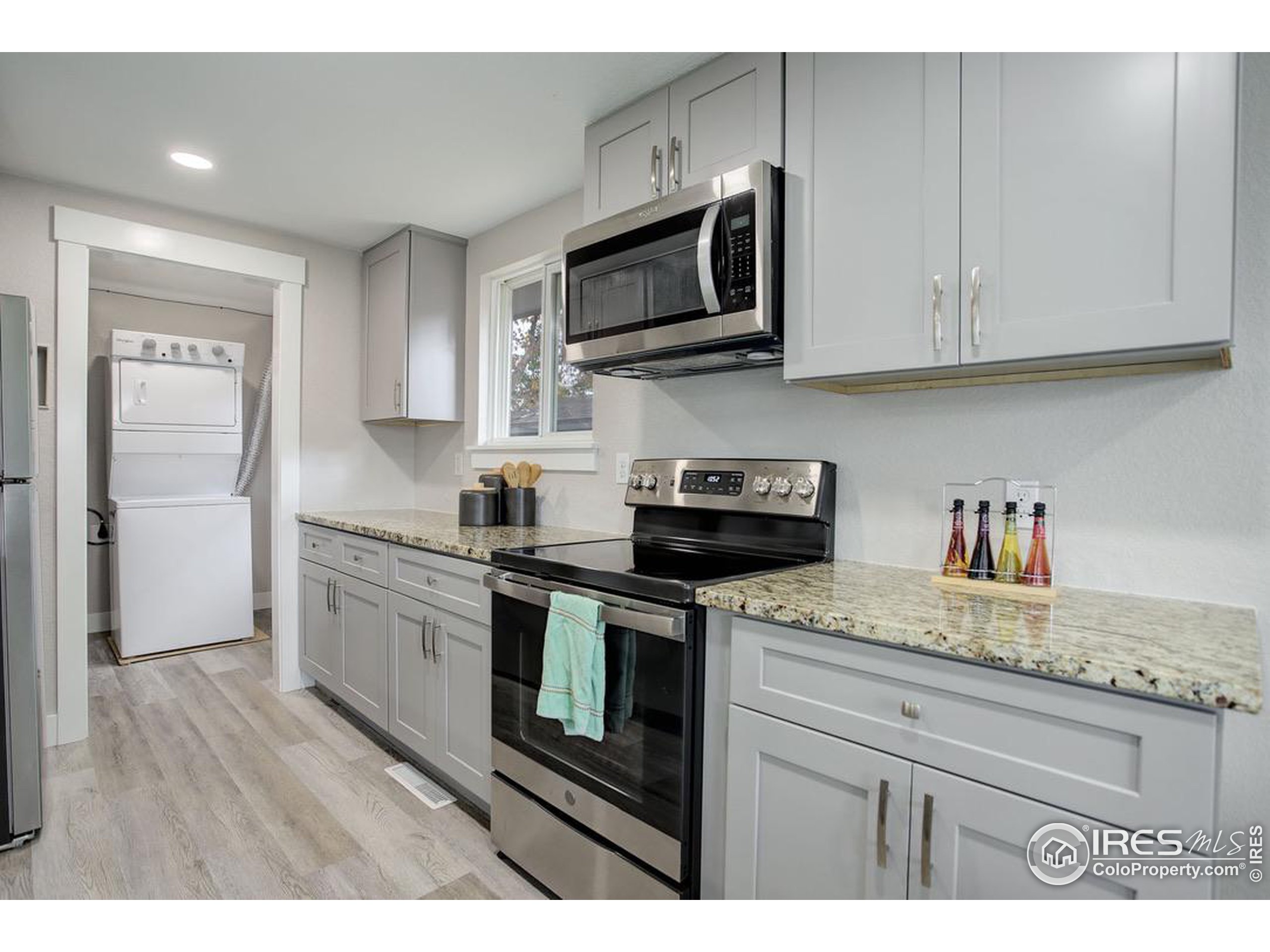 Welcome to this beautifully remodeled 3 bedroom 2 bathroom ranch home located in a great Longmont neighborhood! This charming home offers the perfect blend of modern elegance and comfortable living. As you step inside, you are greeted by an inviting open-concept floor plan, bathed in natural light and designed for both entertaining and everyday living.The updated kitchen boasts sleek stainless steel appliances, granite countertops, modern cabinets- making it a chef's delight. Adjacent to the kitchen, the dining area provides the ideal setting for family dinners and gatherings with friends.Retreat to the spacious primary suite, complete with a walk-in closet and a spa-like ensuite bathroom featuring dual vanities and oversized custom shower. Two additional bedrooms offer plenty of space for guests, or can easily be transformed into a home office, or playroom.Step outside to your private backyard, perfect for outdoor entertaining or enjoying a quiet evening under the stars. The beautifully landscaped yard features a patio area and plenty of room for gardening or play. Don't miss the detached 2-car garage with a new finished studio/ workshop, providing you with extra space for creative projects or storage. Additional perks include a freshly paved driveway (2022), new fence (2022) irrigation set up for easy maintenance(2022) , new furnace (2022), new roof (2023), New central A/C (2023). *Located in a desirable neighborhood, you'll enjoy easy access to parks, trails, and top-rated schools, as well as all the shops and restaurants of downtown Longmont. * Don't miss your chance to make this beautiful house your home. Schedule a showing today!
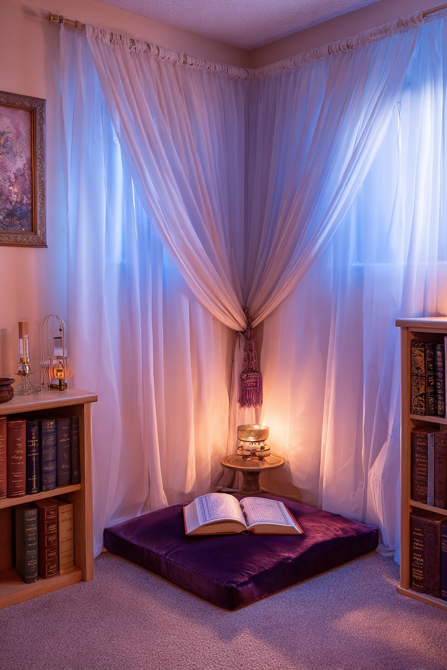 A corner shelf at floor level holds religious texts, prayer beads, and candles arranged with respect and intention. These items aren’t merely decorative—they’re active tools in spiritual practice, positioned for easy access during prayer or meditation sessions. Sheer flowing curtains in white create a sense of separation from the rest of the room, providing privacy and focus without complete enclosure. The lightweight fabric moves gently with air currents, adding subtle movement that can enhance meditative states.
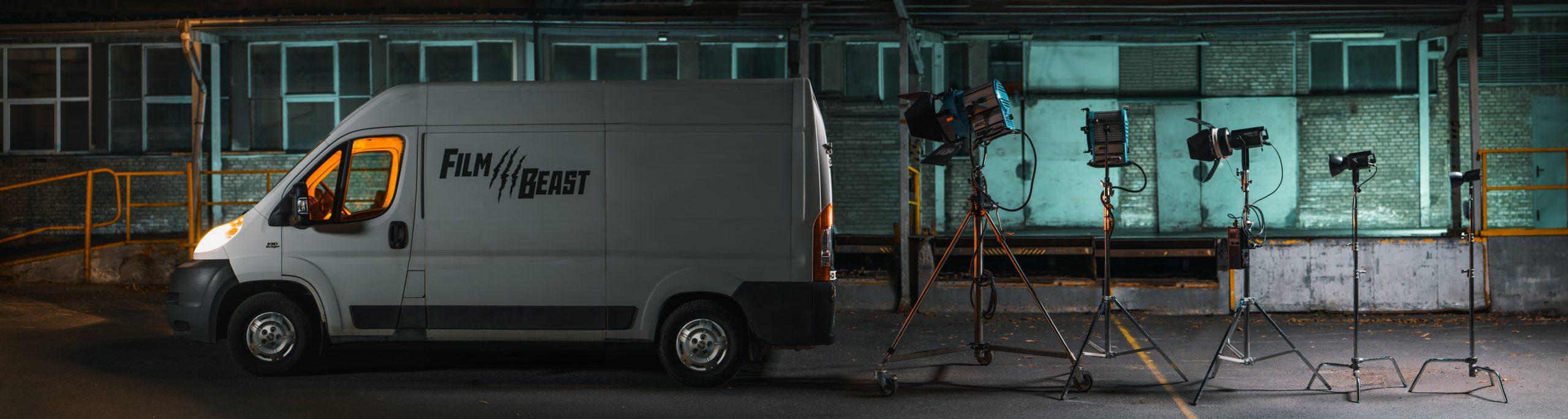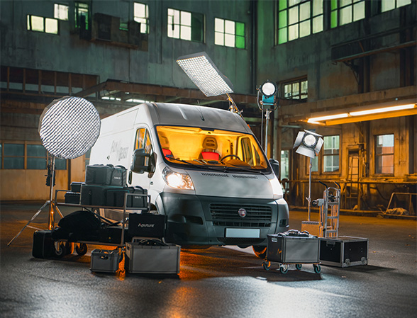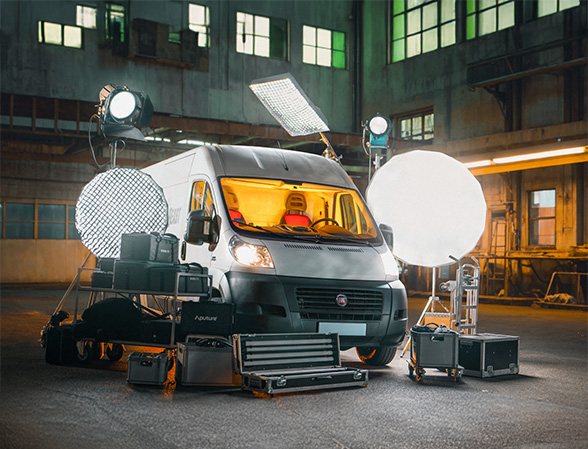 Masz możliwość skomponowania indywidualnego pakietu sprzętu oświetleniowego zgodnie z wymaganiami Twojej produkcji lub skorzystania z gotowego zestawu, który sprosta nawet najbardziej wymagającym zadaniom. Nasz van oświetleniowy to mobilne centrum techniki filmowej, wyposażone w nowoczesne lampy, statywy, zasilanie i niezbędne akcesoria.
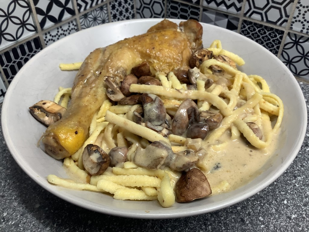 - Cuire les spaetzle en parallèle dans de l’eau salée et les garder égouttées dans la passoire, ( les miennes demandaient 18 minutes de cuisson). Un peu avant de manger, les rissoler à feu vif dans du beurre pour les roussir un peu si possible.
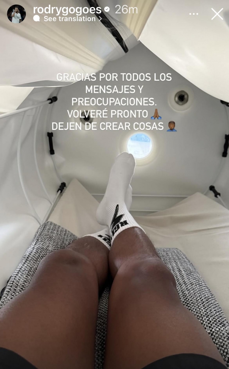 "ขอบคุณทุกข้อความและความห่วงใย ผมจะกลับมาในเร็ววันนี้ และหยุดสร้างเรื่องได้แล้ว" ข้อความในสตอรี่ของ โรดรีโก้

■ Assignment: Reproduce, word for word, every line from the one that contains "A corner shelf" to the end of the data, including both ends; omit all pictures.

■ Final answer:
 A corner shelf at floor level holds religious texts, prayer beads, and candles arranged with respect and intention. These items aren’t merely decorative—they’re active tools in spiritual practice, positioned for easy access during prayer or meditation sessions. Sheer flowing curtains in white create a sense of separation from the rest of the room, providing privacy and focus without complete enclosure. The lightweight fabric moves gently with air currents, adding subtle movement that can enhance meditative states.
 Masz możliwość skomponowania indywidualnego pakietu sprzętu oświetleniowego zgodnie z wymaganiami Twojej produkcji lub skorzystania z gotowego zestawu, który sprosta nawet najbardziej wymagającym zadaniom. Nasz van oświetleniowy to mobilne centrum techniki filmowej, wyposażone w nowoczesne lampy, statywy, zasilanie i niezbędne akcesoria.
 - Cuire les spaetzle en parallèle dans de l’eau salée et les garder égouttées dans la passoire, ( les miennes demandaient 18 minutes de cuisson). Un peu avant de manger, les rissoler à feu vif dans du beurre pour les roussir un peu si possible.
 "ขอบคุณทุกข้อความและความห่วงใย ผมจะกลับมาในเร็ววันนี้ และหยุดสร้างเรื่องได้แล้ว" ข้อความในสตอรี่ของ โรดรีโก้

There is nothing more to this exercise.